O vereador João Parreira afirma que o secretário municipal de Finanças, Raul Gomes Duarte Neto, também foi gravado. Segundo o vereador, Duarte fala sobre os problemas que envolvem a administração e indica nomes e situações.

“O secretário de Finanças apresenta informações extremamente graves sobre o governo. Mas eu só tenho a tribuna da Câmara para divulgar a gravação. Acredito que o promotor vai poder liberar o conteúdo rapidamente para a opinião pública”, cita.

O parlamentar acrescenta que Raul Duarte não foi o único a ser gravado. “Do governo, não é só o Raul (secretário) que está nestas gravações.

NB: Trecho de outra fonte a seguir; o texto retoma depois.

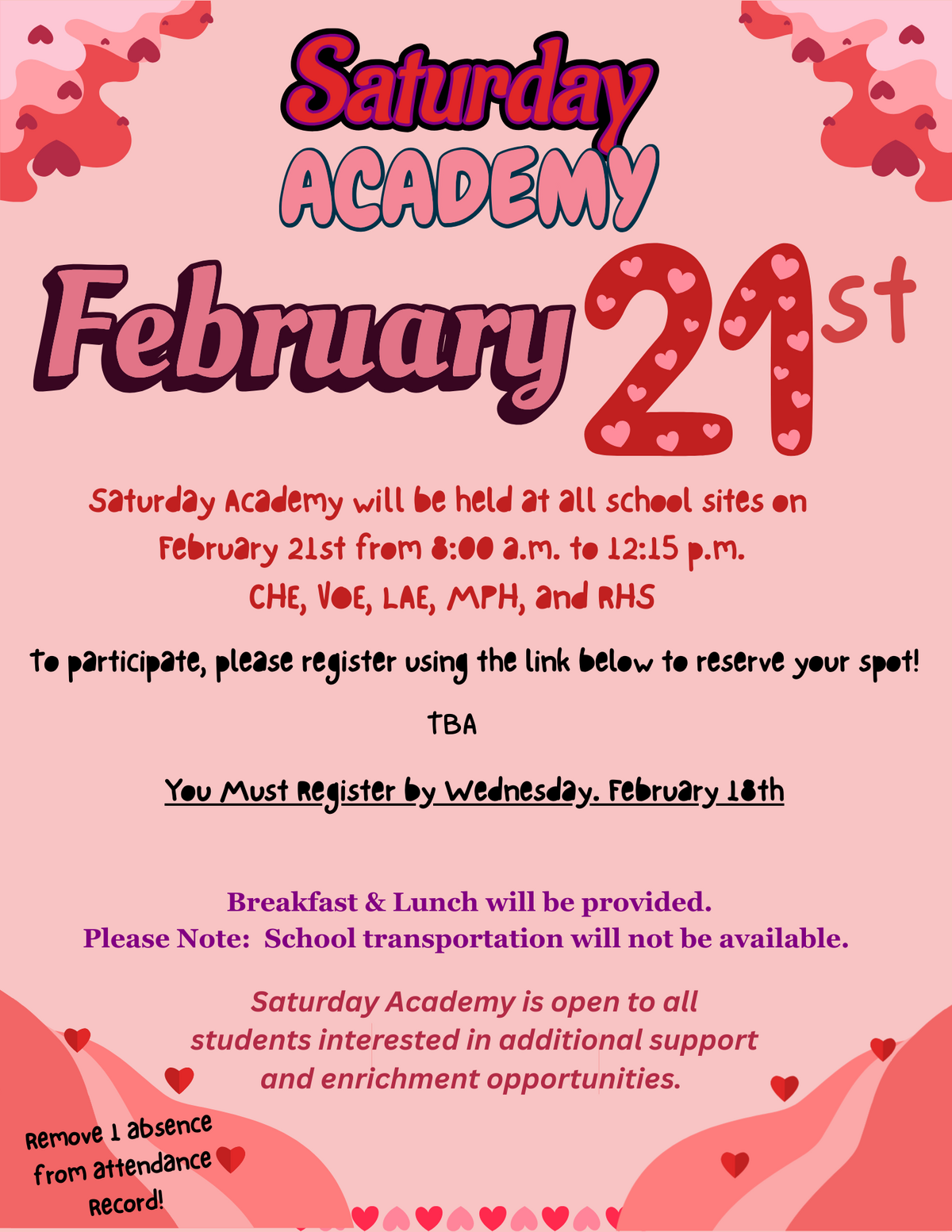 Page: Saturday Academy will be held at all school sites on February 21st from 8:00 a.m. to 12:15 p.m. at CHE, VOE, LAE, MPH, and RHS. To participate, please register using the link below to reserve your spot! You Must Register by Wednesday. February 18th. Breakfast & Lunch will be provided. Please note: School transportation will not be available. Saturday Academy is open to all students interested in additional support and enrichment opportunities. Remove 1 absence from the attendance Record!
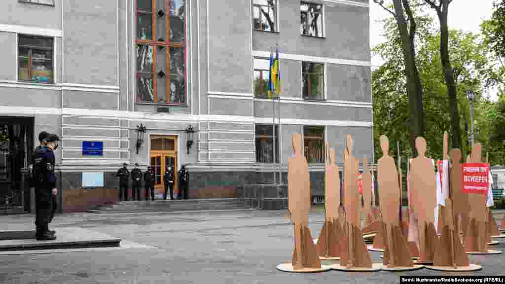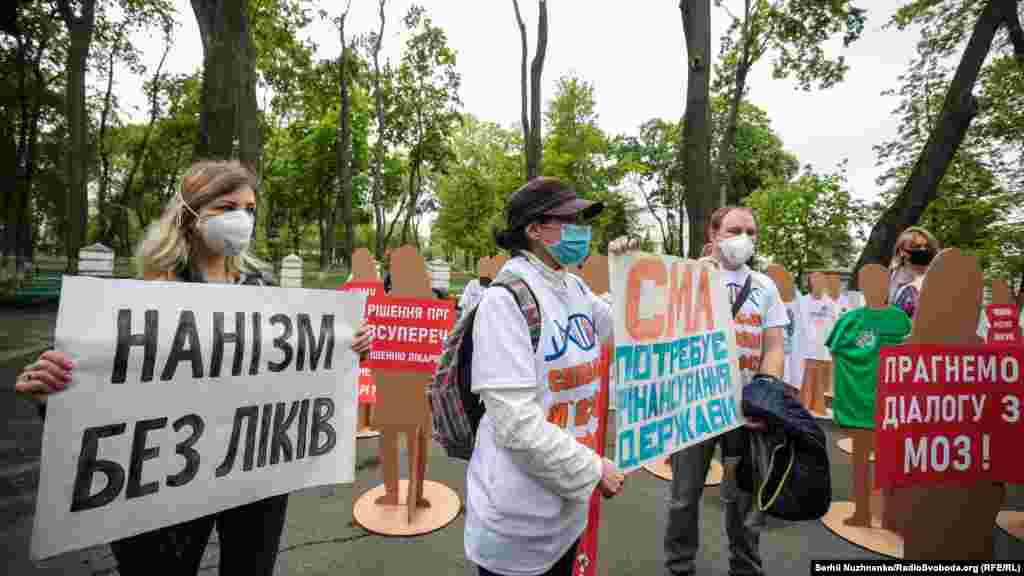 Оскільки масові заходи заборонені, участь в акції не брали безпосередньо пацієнти. Але для того, аби нагадати управлінцям, що від їхніх рішень залежить життя тисяч українців, організатори встановили перед міністерством 50 картонних манекенів.
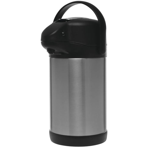 Airpot, 2-1/2 liter, 8-3/4" x 6-1/4" x 13"H, retention: up to 5 hours, stainless steel lined, lever style, black lid, swivel base, recessed pump, stainless steel
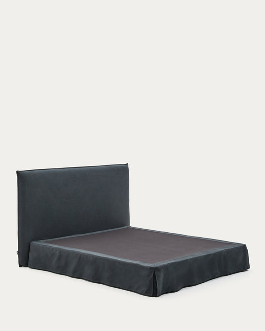 Lit déhoussable Jaira en lin et coton gris anthracite pour matelas de 180 x 200 cm FSC Mix Credit
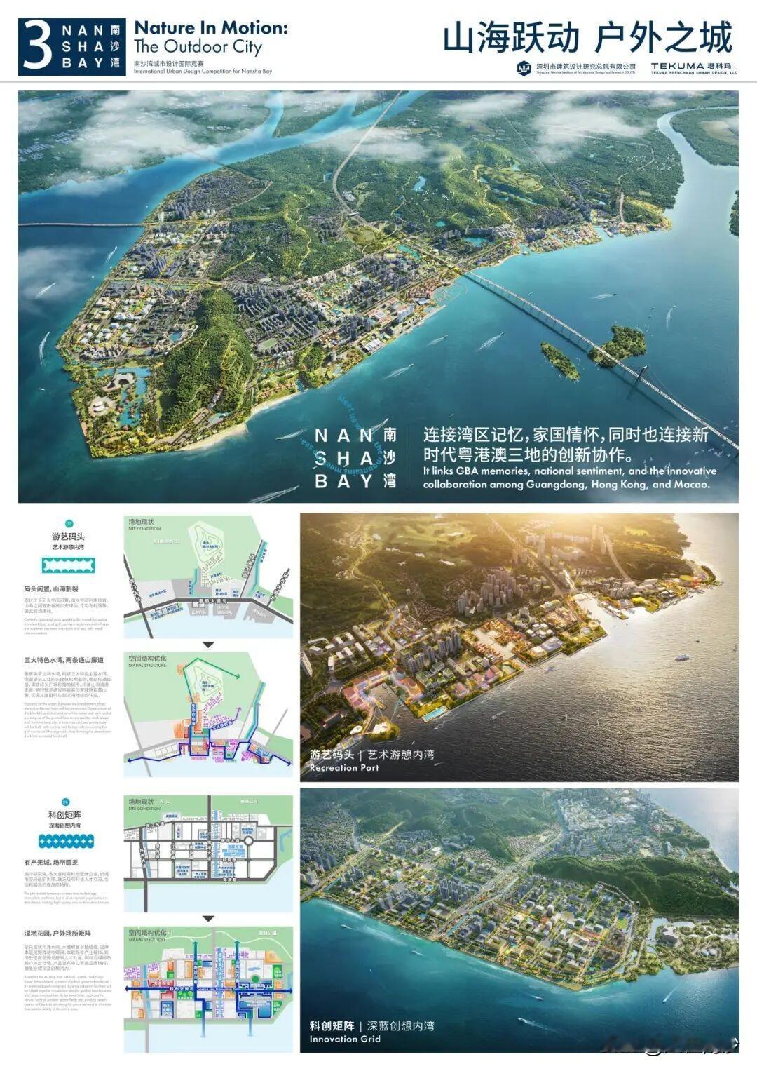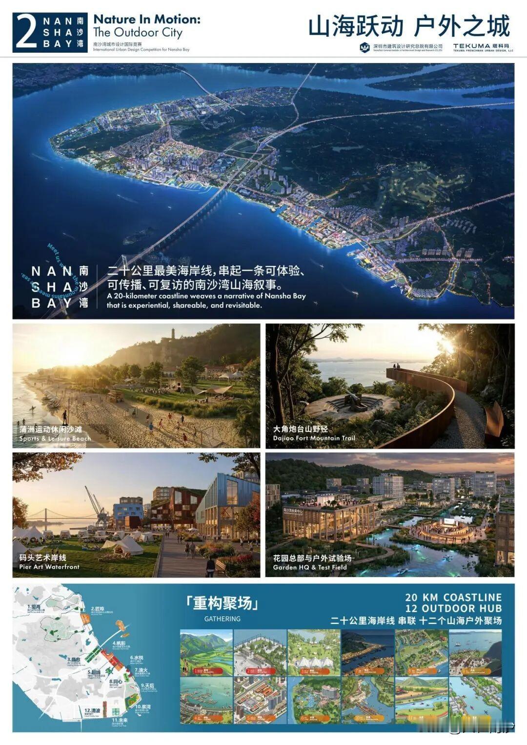 【南沙湾城市设计国际竞赛入选方案赏析】近日,“湾启未来・海韵新章”南沙湾城市设计国际竞赛专业组终评已圆满落幕! 6家由国内外知名设计机构组成的顶尖联合体同台竞技,历经资格遴选、现场调研、方案打磨等多轮考验,最终交出了一份份兼具前瞻性、专业性与落地性的城市设计答卷。 方案五:山海跃动 户外之城 设计单位:深圳市建筑设计研究总院有限公司+TEKUMAFRENCHMANURBANDESIGN,LLC(塔科玛城市设计)联合体 设计方案:方案旨在通过南沙湾未来的开发建设,为大湾区构建一个能与之匹配的假日客厅。在当前品质提升的城市化进程中,方案对南沙湾城市形态的底层逻辑进行重构,从过往强调容积率、日照间距、车道宽度,转变为关注城市的品牌、聚场、动线。 在品牌塑造层面:方案结合南沙湾的核心资源与政策契机,提出“户外型城市”的品牌核心理念,打造“山海跃动 户外之城”的区域超级IP。 在剧场塑造层面:方案通过对山城海空间切片的深度剖析,营造六大特色的外港内湾山海生境,以此形成“一核一带,六区多点”的总体空间结构。同时,以十二个城市聚场为引擎,为20公里美丽海岸线注入持续发生的内容——从风景到场景,从场景到IP,串起一条可体验、可传播、可复访的南沙湾海岸叙事。 在动线塑造层面:方案突破过去建设以车行为导向,效率至上,但缺乏步行体验的城市营造模式。以20公里美丽海岸线和森林公园建设为契机,在滨海岸线和漫山步道之间,通过多元城径链接城市资源。
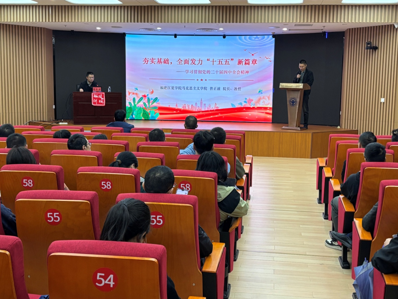 為深入學(xué)習(xí)貫徹習(xí)近平總書記在黨的二十屆四中全會上的重要講話精神和《中共中央關(guān)于制定國民經(jīng)濟(jì)和社會發(fā)展第十五個五年規(guī)劃的建議》,深刻認(rèn)識全會的重大意義, 11月12日下午,特邀福建江夏學(xué)院馬克思主義學(xué)院院長曾正滋教授以夯實(shí)基礎(chǔ),全面發(fā)力“十五五”新篇章為主題的學(xué)習(xí)貫徹黨的二十屆四中全會精神專題講座。

São problemas do governo de conhecimento interno, que mais gente comenta”.

O objetivo das gravações de conversas com membros do governo será, segundo o denunciante, demonstrar que o tema era de conhecimento dentro do Poder Executivo.

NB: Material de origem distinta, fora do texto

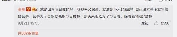 虽然官方回应是节目进行调整,但是后来金星本尊在微博犀利回复道:“真正停播的原因是因为节目做得好,收视率居高,就遭到了小人的嫉妒,自己没本事就写信给领导,领导为了自保就把节目撤掉了,到头来观众没了节目看,眼看着“番茄”烂掉!”
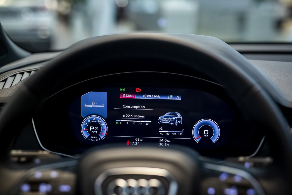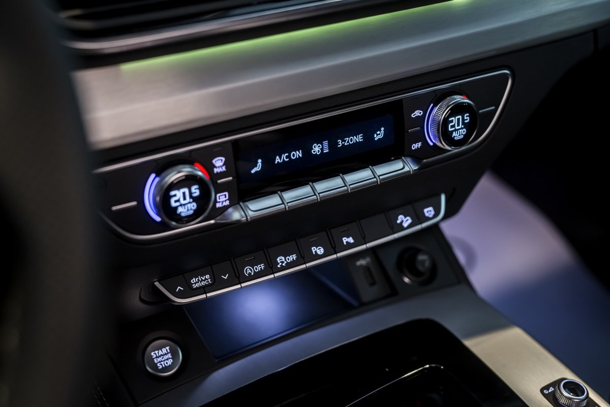 Bên cạnh đó, Audi bổ sung hệ thống điện Mild Hybrid 12V giúp tiết kiệm nhiên liệu tốt hơn. Bộ máy khởi động/phát điện chạy bằng dây đai (BGS) kết hợp cùng bộ pin lithium-ion nhỏ giúp thu hồi năng lượng trong quá trình phanh và nạp lại vào ắc quy. Công nghệ MHEV cũng cho phép động cơ tạm dừng hoạt động với chế độ Start-Stop được kích hoạt từ tốc độ 22 km/h.
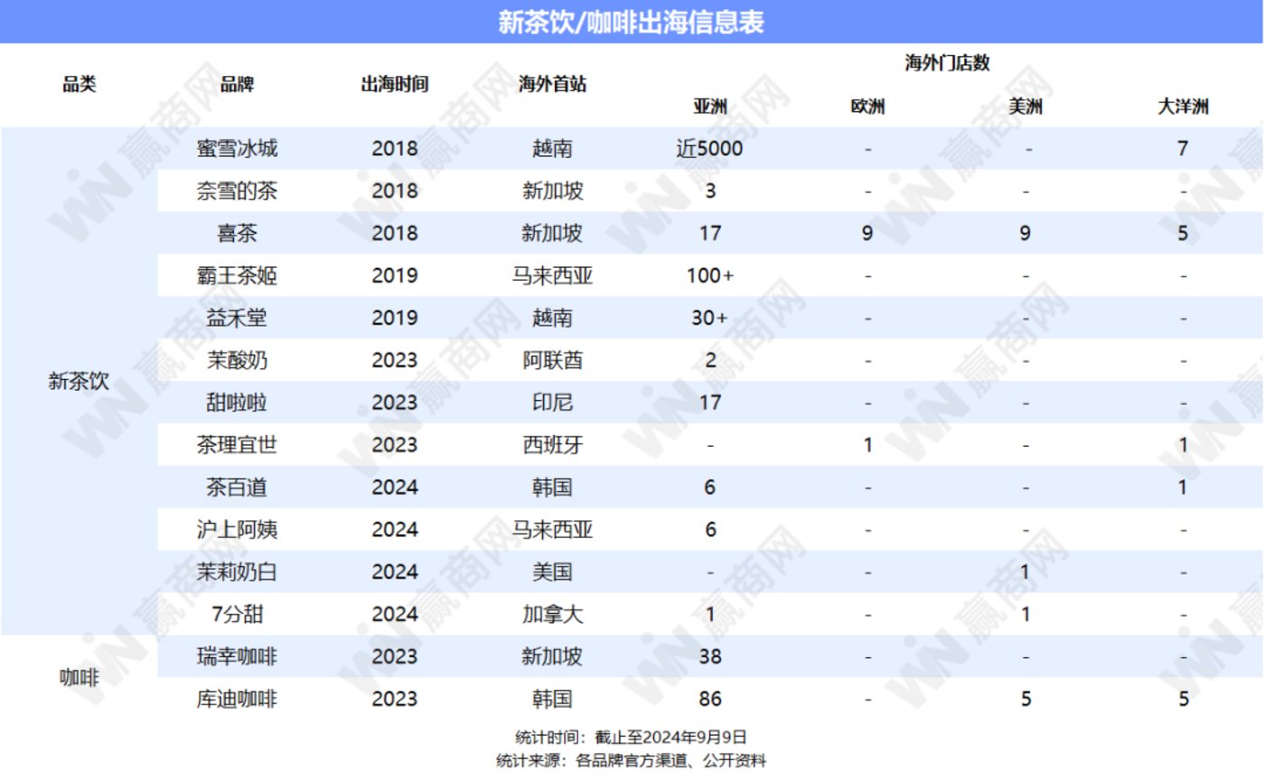 赢商网的数据显示,出海已成为各大新茶饮和咖啡品牌未来发展的重要一环,东南亚地区因地理位置、文化相似性以及巨大的市场潜力,成为品牌出海的首选。同时,品牌们在欧美市场的探索和布局正逐渐加速。
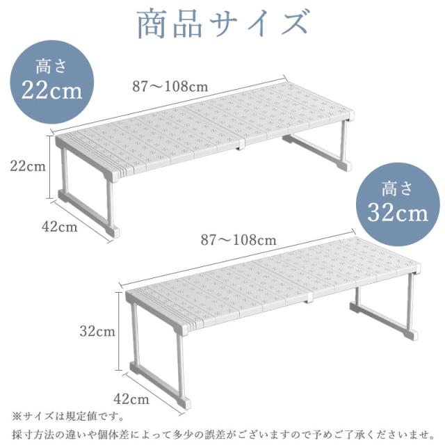 伸縮棚 積み重ね 幅 87-108cm 高さ 22cm 32cm 奥行 42cm 伸縮ラック クローゼット 押入れ 通気性 収納 防水 丈夫 頑丈 整理棚 シンク下 ワイド 空間活用 省スペース キッチンラック 空きスペース 隙間 新生活 すき間 衣替え スリム 長さ調整 押し入れ キッチン 玄関 脱衣所
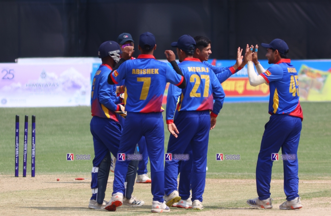 ओमान निरिह बनाउन युवराज खत्रीले सानदार बलिङ गरे। ७ ओभर बलिङ गर्दै २ मेडन सहित मात्र १५ रन खर्चेर ५ विकेट लिए। सन्तोष यादवले २ विकेट लिए।

João Parreira argumenta que usou o expediente para mostrar que o prefeito Nilson Costa não toma providências. “Eu presidi a CEI da Carne e o prefeito saiu batendo no peito que não havia irregularidade em seu governo e que recebeu um atestado de idoneidade. Pois o seu secretário, Raul Duarte, fala sobre problemas de sua gestão e aponta onde eles estão, debaixo dos olhos do prefeito”.